● **Work instructions**
With the pictures omitted, print exactly the lines below, from the one containing "Das Gewicht ist" through the one containing "A lightweight herbal", and nothing else.

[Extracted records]
■ ■ ■ ■ ■

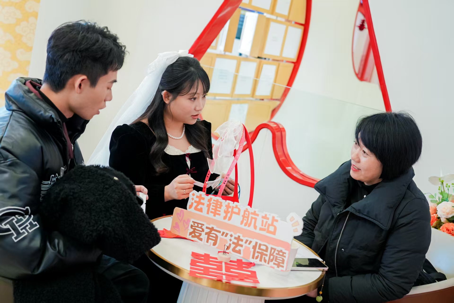 本次活动摒弃传统说教模式,巧妙设计了4个特色鲜明的互动点位,形成一条连贯的体验动线。新人们在“新风手工坊”携手制作缀有文明婚俗标语的香囊,于指尖创意中传递简约新婚尚;在“婚姻问卷站”通过“新婚十问”,分享彼此对婚姻的期待与思考,为精准服务提供依据;在“婚姻辅导站”,专业辅导员就冲突管理、婚俗观念沟通等常见议题进行集中微辅导,并贴心提供一对一个性化咨询;尤为引人注目的是“法律护航站”,这里将婚前财产约定、夫妻共同财产规划、彩礼新风等关键法律知识,转化为“增情式”的互动问答。诸如“想把对方名字加在房产本上,法律上代表什么心意?”等贴近生活的问题,引发新人热烈讨论与甜蜜互动,在轻松氛围中悄然掌握了权益保障常识。
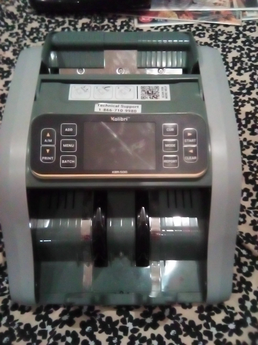 This is a Kolibri KBR-500 bill counter. It's designed for high-volume counting and verification of banknotes. Features include multiple counting modes and a clear digital display. Includes power cable, it works but screen is cracked.
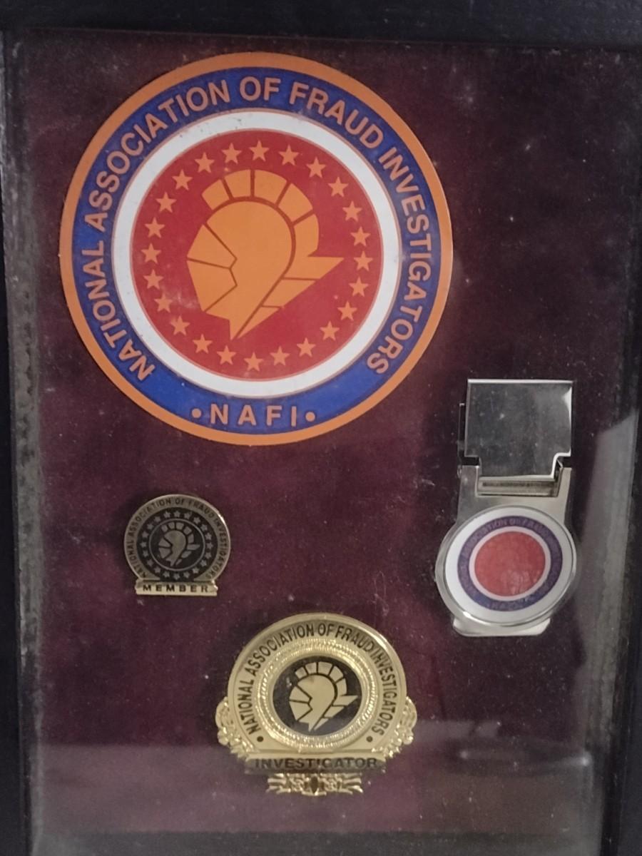 Framed Collection of Badges and Patches for NAFI National Association of Fraud Investigators (#3)
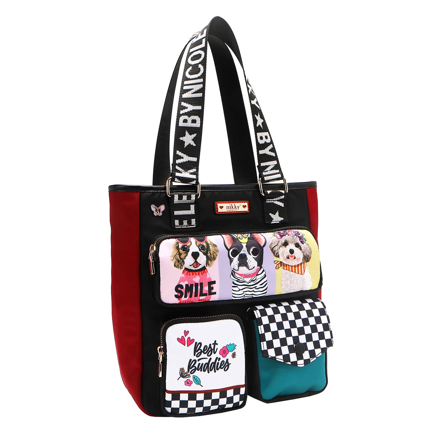 Large interior lined with Nikky signature puppy print nylon fabric.
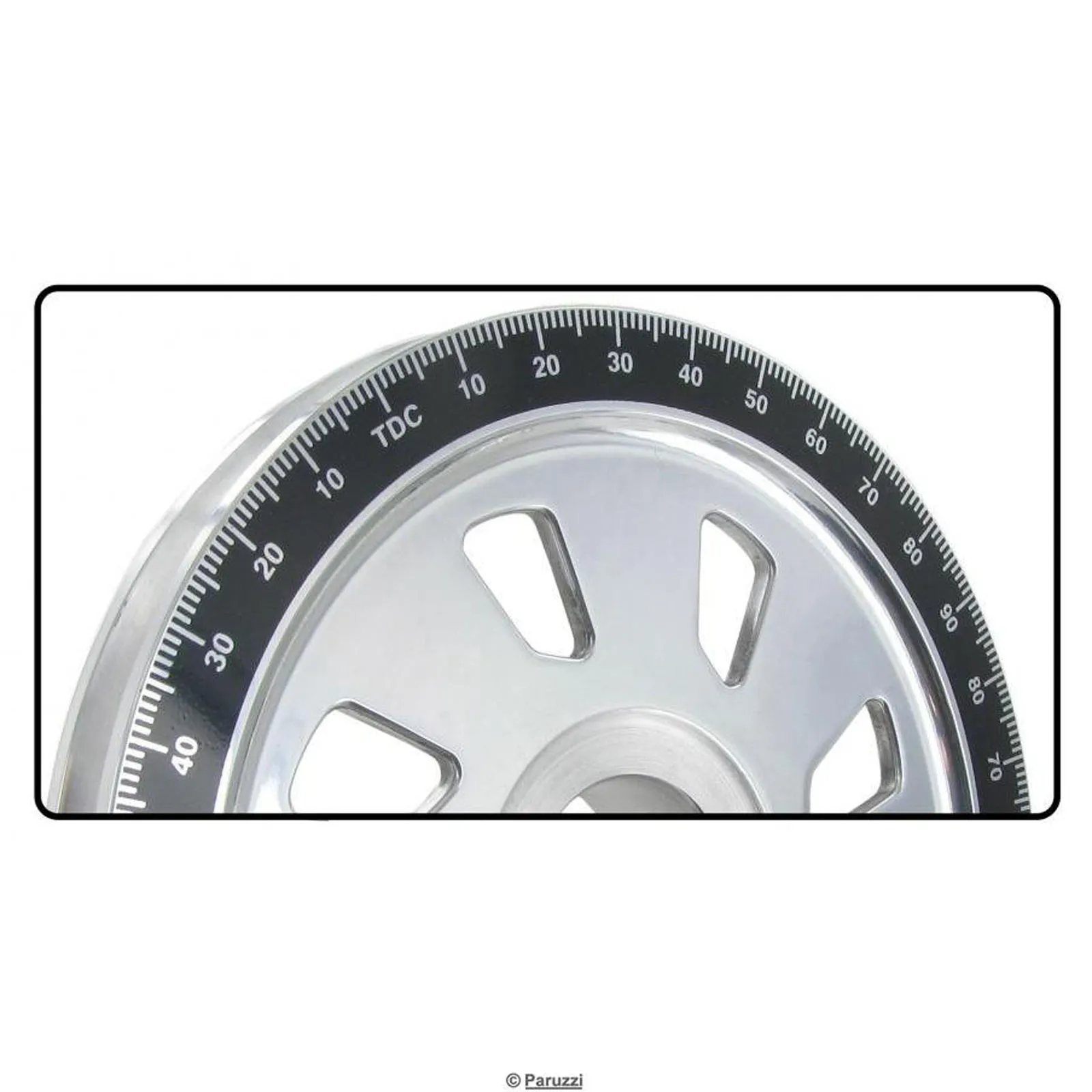 Das Gewicht ist viel geringer, was dazu beiträgt, die Motorleistung zu erhöhen. Diese Riemenscheibe hat einen Durchmesser von 170 mm , die nur bei Motoren mit 1200 und 1300 ccm verwendet wurden. Die Motoren mit 1500 und 1600 ccm waren mit einer 177 mm Riemenscheibe ausgestattet, um eine höhere Kühlleistung im Verhältnis zur größeren Motorleistung zu erzielen. Eine Riemenscheibe mit geringerem Gewicht und kleinerem Durchmesser ist der Schlüssel, um die maximale Motorleistung aus Ihrem Motor herauszuholen. Deshalb werden diese 170 mm-Riemenscheiben oft bei Motoren mit 1500 und 1600 ccm verwendet. Es gibt jedoch einen Nachteil; die Kühlkapazität wird durch den kleineren Durchmesser reduziert. So dass sie bei 1500 und 1600 ccm Motoren nicht zur Anwendung kamen.
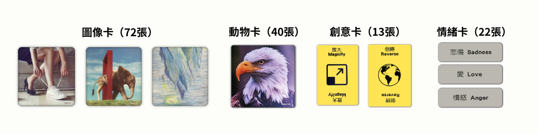 !nside Cards 是一套由香港ACF機構在2021年設計的多功能牌卡。它包含了8種不同類型的卡片,如圖像卡、動物卡、情緒卡等,每種卡片都可以獨立使用,也可以靈活組合。對於牌卡有興趣的學習者,只要一盒就能滿足絕大多數的應用場景!
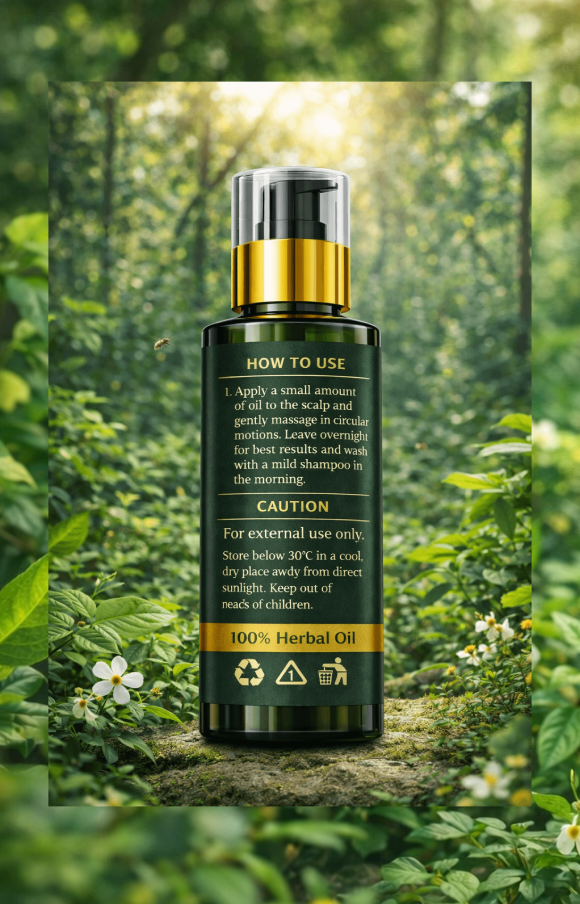 A lightweight herbal oil that helps reduce hair fall, strengthens and thickens hair, promotes healthier growth, and supports a clean, dandruff-free scalp.
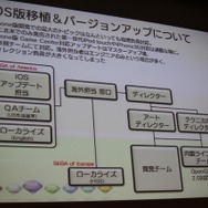 iOS版は日本で制作を行ったものの、処理負荷対策に苦労があったそうです。また、北米のみで発売された第一世代iPod touch/iPhone 3G対応は大変だったようです。また、iOSはGame Centerに対応するためのアップデートを実施しましたが、日本側で対応ができずセガオブアメリカが制作し、それをローカライズするという形になったようです。これは非常にディレクション負荷が高く、反省点として挙げられていました。

■ ■ ■ ■ ■

● **Exercise result**
 Das Gewicht ist viel geringer, was dazu beiträgt, die Motorleistung zu erhöhen. Diese Riemenscheibe hat einen Durchmesser von 170 mm , die nur bei Motoren mit 1200 und 1300 ccm verwendet wurden. Die Motoren mit 1500 und 1600 ccm waren mit einer 177 mm Riemenscheibe ausgestattet, um eine höhere Kühlleistung im Verhältnis zur größeren Motorleistung zu erzielen. Eine Riemenscheibe mit geringerem Gewicht und kleinerem Durchmesser ist der Schlüssel, um die maximale Motorleistung aus Ihrem Motor herauszuholen. Deshalb werden diese 170 mm-Riemenscheiben oft bei Motoren mit 1500 und 1600 ccm verwendet. Es gibt jedoch einen Nachteil; die Kühlkapazität wird durch den kleineren Durchmesser reduziert. So dass sie bei 1500 und 1600 ccm Motoren nicht zur Anwendung kamen.
 !nside Cards 是一套由香港ACF機構在2021年設計的多功能牌卡。它包含了8種不同類型的卡片,如圖像卡、動物卡、情緒卡等,每種卡片都可以獨立使用,也可以靈活組合。對於牌卡有興趣的學習者,只要一盒就能滿足絕大多數的應用場景!
 A lightweight herbal oil that helps reduce hair fall, strengthens and thickens hair, promotes healthier growth, and supports a clean, dandruff-free scalp.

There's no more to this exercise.